The clustering procedure is intended to group together those sequences that share identical regions. It is therefore necessary to ensure that ESTs submitted for clustering are free of artifactual sequence identical to the expressed transcripts under study. All input sequences are subjected to masking against human repeat sequences using RepBase (Jurka 1995) common vector sequences (ftp://ncbi.nlm.nih.gov/repository/vector/), potentially contaminant species such as rodent, mitochondrial and ribosomal DNA. Contamination discovered after database production is complete is removed with a repair facility that extracts data related to a specified cluster; the extracted sequences are then reprocessed after updating the relevant mask data. The initial STACK implementation utilized BLASTN and XBLAST (Altschul et al. 1990) for masking, but the somewhat more sensitive crossmatch (Green 1996) is now implemented.

Clustering

d2_cluster (Hide et al. 1994; Burke et al., this issue) is a word-based, greedy clustering algorithm based originally on work by David Torney and others (Torney et al. 1990a,b), written by John Burke, Dan Davison, and Win Hide (this issue) for the MasPar computer and ported by John Carpenter of SGI to the Origin2000. d2_cluster implements a “loose” approach to sequence clustering by identifying and counting matching n-length words (n = 6 for this work), in contrast with the “strict” approach implemented by tools such as TIGR_ASSEMBLER (Sutton et al. 1995) in which clusters are built up based on matching entire sequence fragments.

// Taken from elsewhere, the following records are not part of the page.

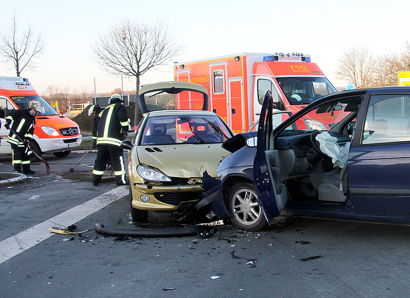 zwei PKWs. Drei Verletzte wurden notärztlich vesorgt und in ein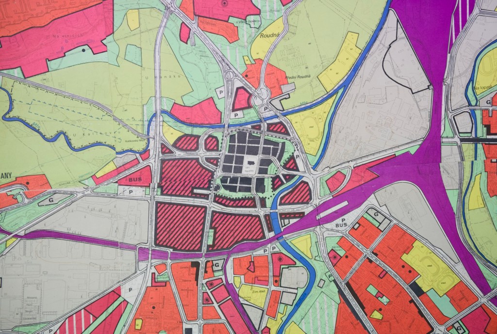 Centrum Plzně podle územního plánu z roku 1988, posledního komunistického.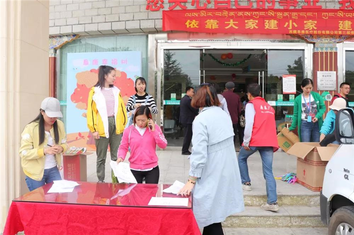 西藏阜康醫(yī)療股份有限公司黨委書記、董事長(zhǎng)在活動(dòng)現(xiàn)場(chǎng)為探親的阜康親人們獻(xiàn)上祝福,并表示親人們?cè)诓仄陂g,如遇上困難,公司會(huì)全力提供幫助。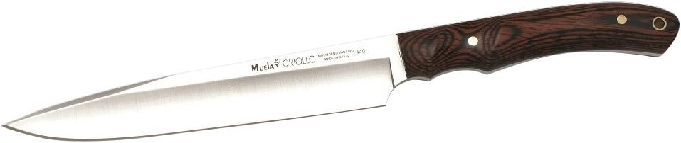 MUELA CRIOLLO-17 Hunting Knife with 6. 75 inch X50CrMov15 (1. 4116 German Stainless Steel) Plain Edge Drop Point Blade. Features an Olive Wood Handle. Overall length 11. 5 inches. Comes with Full Grain Leather Sheath and MUELA Lifetime

Whereas the strict methodology yields cluster members that are highly related, the loose approach presents the opportunity to detect clusters that are related by rearrangement or alternative splicing. Although the resulting clusters are likely to be more “noisy,” the combination with a verification tool for multiple sequence alignments such as CRAW (Burke et al. 1998) reduces noise and produces networks of highly related sequences for further analysis. Two sequences or their reverse complement fall into the same cluster if they share a 150-base window that has at least 96% identity. Sequences <50 bases in length are excluded from clustering. The output of d2_cluster is a list of sequences.

Assembly

For all releases subsequent to STACK v.1.0, PHRAP (Green 1996) has been used. PHRAP is effective but is not immune to alignment problems when presented with low-quality ESTs. An advantage of PHRAP is that it can use sequence quality values derived from sequence chromatograms. Use of chromatograms normally supports the derivation of “longer,” more accurate consensi, but in the STACK schema loose clustering, and thus larger numbers of ESTs in each cluster, provide the basis for longer consensus generation. The hugely redundant nature of ESTs obviates much of the advantages of trace information at this stage in the process, but it is clear that trace information can be effective in provision of significant data in subsequent analyses such as SNP detection, quality assessment, and paralog detection.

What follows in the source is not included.